Temporal trends and patterns in carbamazepine use, related severe cutaneous adverse reactions, and HLA‐B*15:02 screening: A nationwide study

Summary

Objective

After discovering the association between the HLA‐B*15:02 allele and carbamazepine‐related severe cutaneous adverse reactions (SCARs), particularly in Southeastern Asian populations, clinical strategies to prevent carbamazepine‐related SCARs have changed. We aimed to investigate 10‐year trends in carbamazepine use and carbamazepine‐related SCARs and to examine the patterns and determinants of HLA‐B*15:02 screening in Taiwan.

Methods

A nationwide study was performed using Taiwan’s National Health Insurance Research Database. In the first part of the study, new users of carbamazepine were included, and those who experienced SCAR‐related admissions were further identified.
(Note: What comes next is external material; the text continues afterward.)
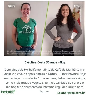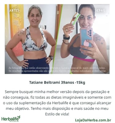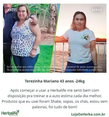 "Muito do meu sucesso na perda de peso se deve ao apoio que recebo da comunidade Herbalife. Encontrei um grupo de pessoas que se motivam continuamente e se incentivam a se tornarem versões melhores de si mesmas"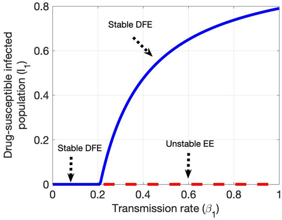 For the drug-susceptible endemic equilibrium, we consider the infected compartment (I2) is zero i.e., I2 = R = 0 and I1 ≠ 0. Thus, the mathematical expression for the drug-susceptible endemic equilibrium is given bellow:

In the second part of the study, recipients of HLA‐B*15:02 screening (reimbursed by Taiwan’s National Health Insurance since June 2010) were included and multivariate logistic regression was used to explore factors associated with the use of screening.

Results

The numbers of new users of carbamazepine and SCAR cases decreased remarkably during the 10‐year period (−82.6% and −87.1%, respectively), and the incidence rates of SCARs showed a downward trend after 2011. The screening rate of the HLA‐B*15:02 allele increased to 24.9% in 2014. Neurologists (odds ratio 12.33, 95% confidence interval 9.30‐16.35), psychiatrists (9.97, 7.31‐13.61), and neurosurgeons (3.23, 2.42‐4.32) were more likely to perform screening tests than other specialties were. Physicians practicing in medical centers (6.00, 5.51‐6.54) were more likely to perform screening tests than those practicing in other hospitals, whereas the screening rates in clinics remained at 0.0% throughout the study period.

Significance

In recent years, the number of carbamazepine‐related SCAR cases has decreased substantially in Taiwan. However, only one‐fourth of new users of carbamazepine received HLA‐B*15:02 screening, and there were considerable disparities in the screening rates across different physician groups. Policymakers should consider solutions to barriers to implementing screening tests in clinical practice and should not neglect the value of other safety communications and regulations to complement the limitations of pharmacogenomic testing.